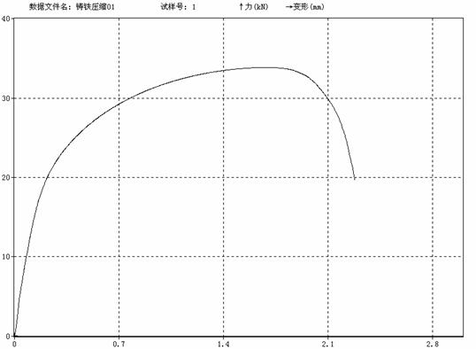 铸铁压缩图(见图1-10)与铸铁拉伸图相似,不过其抗压强度要比其抗拉强度大得多。
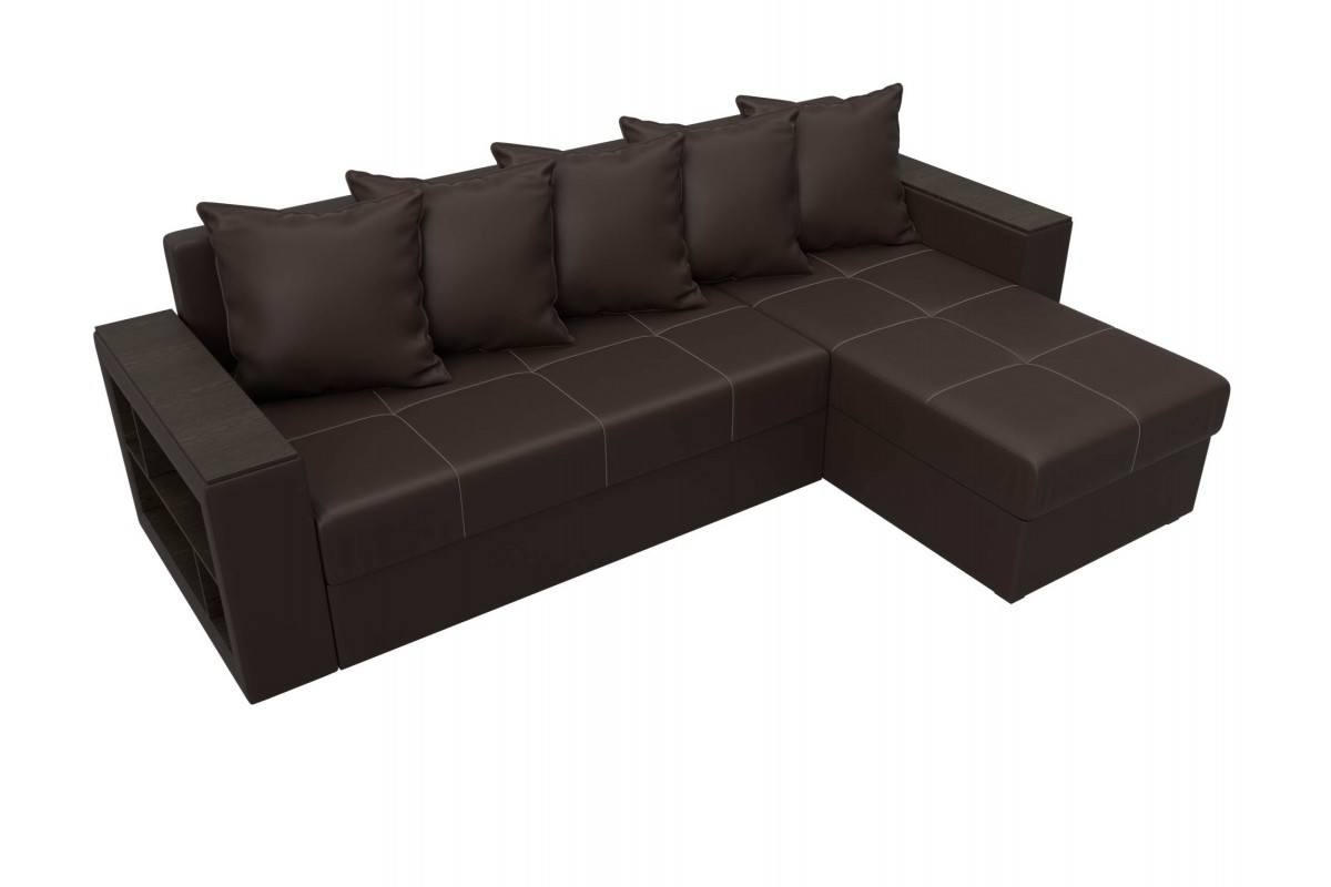 Диван угловой Дубай Коричневый, Экокожа, Еврокнижка, артикул: 10444388
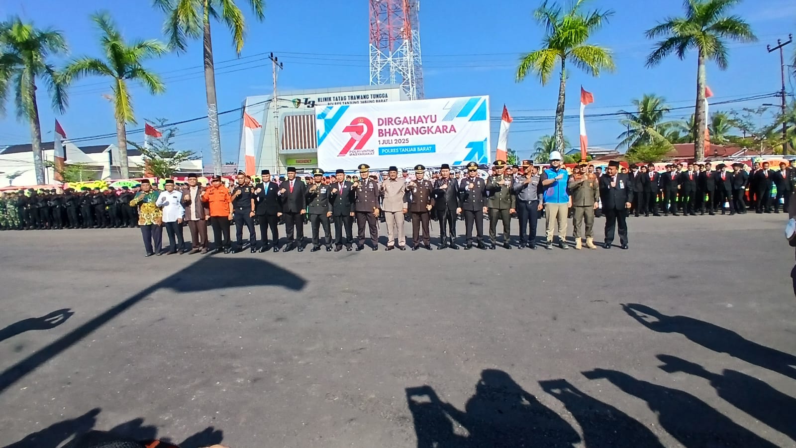 Upacara berlangsung khidmat dipimpin langsung oleh Kapolres Tanjab Barat AKBP Agung Basuki, SIK, MM bersama segenap Pejabat Utama (PJU) Polres Tanjab Barat. Dalam upacara tersebut, Kapolres membacakan amanat Kapolda Jambi yang menekankan pentingnya menjaga semangat pengabdian di usia Polri yang ke-79 tahun ini.
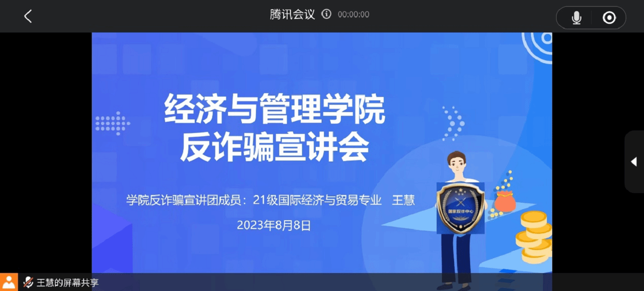 近期,经济与管理学院成立由学生党员组成的防诈骗宣讲团,面向学院全体在校生开展线上反诈骗宣讲。
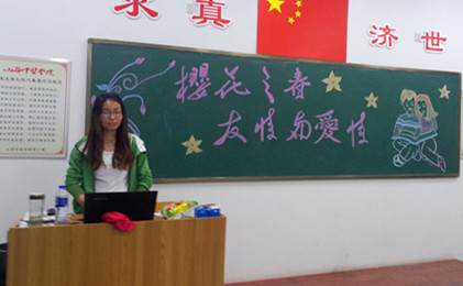为了促进同学们的身心健康发展,愉悦地度过大学生活,2014年5月8日晚7点30分,13级护理1班全体同学在护理大楼409教室举办“樱花之春,友情与爱情”的主题班会。班会由王丽婷同学主持,全体同学参加。
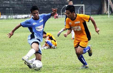 Văn Thuận (bên trái) mở tỷ số trận đấu trên chấm 11m cho CĐ Đức Trí (Ảnh: Hà Thành)
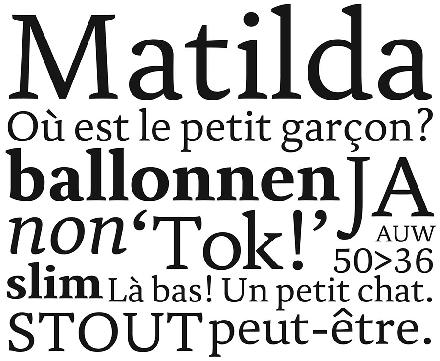 Matilda is in full development and a growing type family (also ready to test within new legibility research). The typeface includes a serif, an italic, a bold, a sans serif. Matilda is also extended by the design parameters that were most helpful to improve the decoding process of children with low vision. These are mainly the parameters rhythm and direction. More research will be done because it would be interesting to know in which a lesser degree is still helpful. Also the outcome of interaction effects would give more insight in legible fonts for children with low vision (and human perception). The main characteristics of Matilda are wide, open and round letters which have a friendly feeling. The letters are dynamic and solid, constructed and organic. The letters are built on a rather stable and vertical axis. The curves are open, the serifs are asymmetric, convex and concave. There are ball terminals to emphasize the letter terminations to augment its individuality and distinctiveness. The low contrast in the letters is necessary to easily enlarge or reduce text. If children with low vision are reading in different contrasts/colours (they often do by computers) the letters need to remain very clear. Matilda doesn’t have a very large x-height. The ascenders and descenders provide enough room for diacritics.
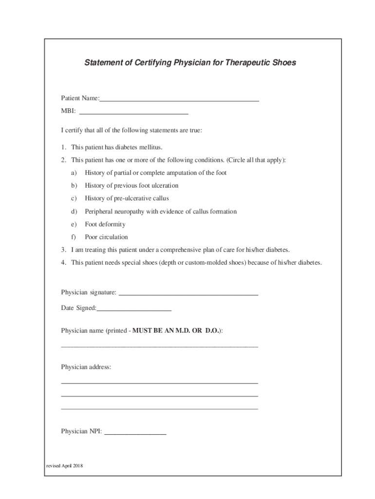 Statement of Certifying Physician for Therapeutic Shoes 2018-2026 free printable template
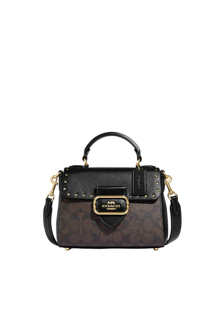 Coach Morgan Top Handle Satchel CF322 With Colorblock Signature Canvas With Rivets In Brown Black Multi
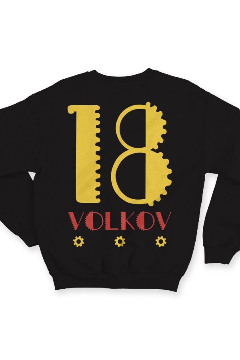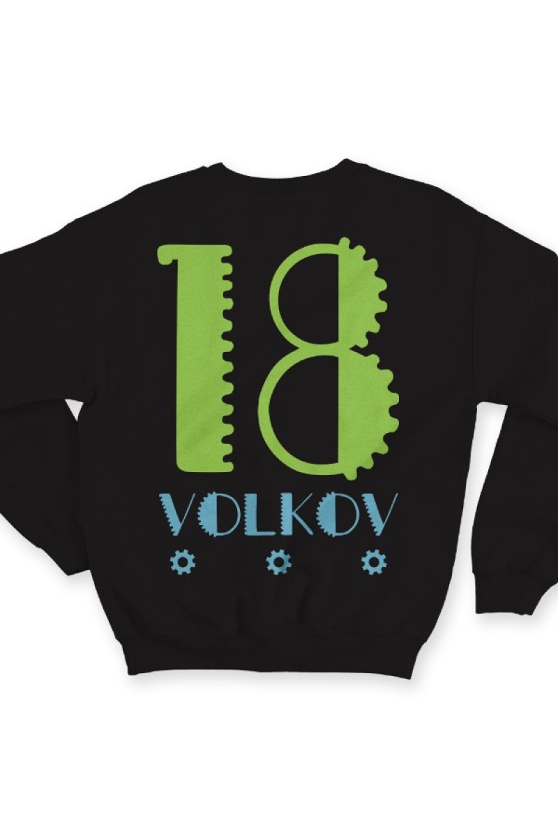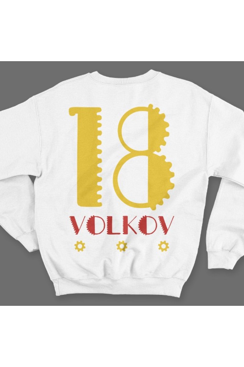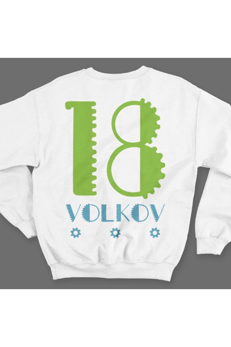 Веселый именной свитшот с механическим шрифтом. Помимо надписи на свитшоте есть изображение шестеренок.
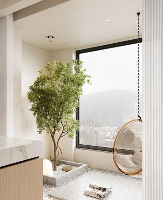 餐廳靠窗位置設(shè)計一個吊椅,進行休閑、閱讀、觀賞風景。
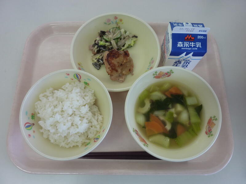 6月7日(火)の給食(麦ご飯 牛乳 チンゲンサイのスープ 鶏肉の梅焼き かみんこサラダ)
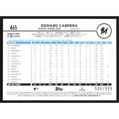 This is a 2024 Topps Blue Foil Edward Cabrera baseball card. The card is #465 and pictures show condition. This card is limited; #'d 506/999. Team(s): Miami Marlins
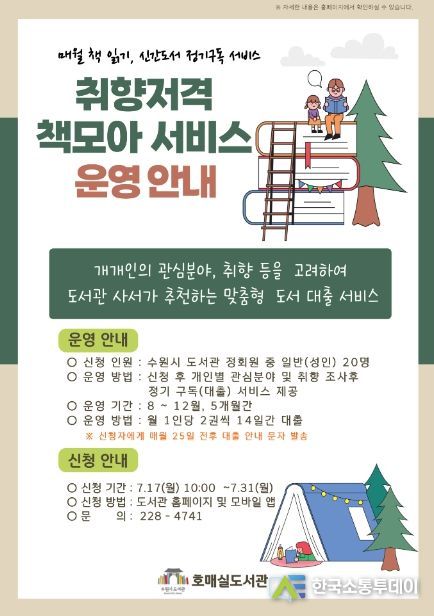 한국소통투데이 관리자 기자 | 수원시 호매실도서관은 시민 맞춤형 도서 대출 서비스인 ‘취향저격 책모아 서비스’ 참여자를 17일부터 31일까지 모집한다.
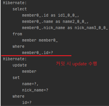 이후 Transaction이 종료 되므로 Commit과 동시에 쓰기지연 SQL 저장소에 있던 Update 쿼리를 DB에 실행하여 NickName을 변경 합니다.
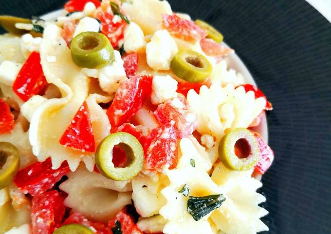 - Cuire les pâtes et laisser refroidir complètement afin que toute l'eau sèche. Laver et couper les tomates en petits morceaux en enlevant la pulpe. Couper la feta et les olives, ciseler le basilic et ajouter aux tomates, ansi que l'huile d'olive, un peu d'ail en poudre et du sel si nécessaire. Mélanger le tout avec les pâtes et placer au frais au moins 1 heure..

—————

§ Exercise
Images are to be skipped, and each line above is to be returned exactly.

§ The answer
 铸铁压缩图(见图1-10)与铸铁拉伸图相似,不过其抗压强度要比其抗拉强度大得多。
 Диван угловой Дубай Коричневый, Экокожа, Еврокнижка, артикул: 10444388
 Upacara berlangsung khidmat dipimpin langsung oleh Kapolres Tanjab Barat AKBP Agung Basuki, SIK, MM bersama segenap Pejabat Utama (PJU) Polres Tanjab Barat. Dalam upacara tersebut, Kapolres membacakan amanat Kapolda Jambi yang menekankan pentingnya menjaga semangat pengabdian di usia Polri yang ke-79 tahun ini.
 近期,经济与管理学院成立由学生党员组成的防诈骗宣讲团,面向学院全体在校生开展线上反诈骗宣讲。
为了促进同学们的身心健康发展,愉悦地度过大学生活,2014年5月8日晚7点30分,13级护理1班全体同学在护理大楼409教室举办“樱花之春,友情与爱情”的主题班会。班会由王丽婷同学主持,全体同学参加。
 Văn Thuận (bên trái) mở tỷ số trận đấu trên chấm 11m cho CĐ Đức Trí (Ảnh: Hà Thành)
 Matilda is in full development and a growing type family (also ready to test within new legibility research). The typeface includes a serif, an italic, a bold, a sans serif. Matilda is also extended by the design parameters that were most helpful to improve the decoding process of children with low vision. These are mainly the parameters rhythm and direction. More research will be done because it would be interesting to know in which a lesser degree is still helpful. Also the outcome of interaction effects would give more insight in legible fonts for children with low vision (and human perception). The main characteristics of Matilda are wide, open and round letters which have a friendly feeling. The letters are dynamic and solid, constructed and organic. The letters are built on a rather stable and vertical axis. The curves are open, the serifs are asymmetric, convex and concave. There are ball terminals to emphasize the letter terminations to augment its individuality and distinctiveness. The low contrast in the letters is necessary to easily enlarge or reduce text. If children with low vision are reading in different contrasts/colours (they often do by computers) the letters need to remain very clear. Matilda doesn’t have a very large x-height. The ascenders and descenders provide enough room for diacritics.
 Statement of Certifying Physician for Therapeutic Shoes 2018-2026 free printable template
 Coach Morgan Top Handle Satchel CF322 With Colorblock Signature Canvas With Rivets In Brown Black Multi
 Веселый именной свитшот с механическим шрифтом. Помимо надписи на свитшоте есть изображение шестеренок.
 餐廳靠窗位置設(shè)計一個吊椅,進行休閑、閱讀、觀賞風景。
 6月7日(火)の給食(麦ご飯 牛乳 チンゲンサイのスープ 鶏肉の梅焼き かみんこサラダ)
 This is a 2024 Topps Blue Foil Edward Cabrera baseball card. The card is #465 and pictures show condition. This card is limited; #'d 506/999. Team(s): Miami Marlins
 한국소통투데이 관리자 기자 | 수원시 호매실도서관은 시민 맞춤형 도서 대출 서비스인 ‘취향저격 책모아 서비스’ 참여자를 17일부터 31일까지 모집한다.
 이후 Transaction이 종료 되므로 Commit과 동시에 쓰기지연 SQL 저장소에 있던 Update 쿼리를 DB에 실행하여 NickName을 변경 합니다.
 - Cuire les pâtes et laisser refroidir complètement afin que toute l'eau sèche. Laver et couper les tomates en petits morceaux en enlevant la pulpe. Couper la feta et les olives, ciseler le basilic et ajouter aux tomates, ansi que l'huile d'olive, un peu d'ail en poudre et du sel si nécessaire. Mélanger le tout avec les pâtes et placer au frais au moins 1 heure..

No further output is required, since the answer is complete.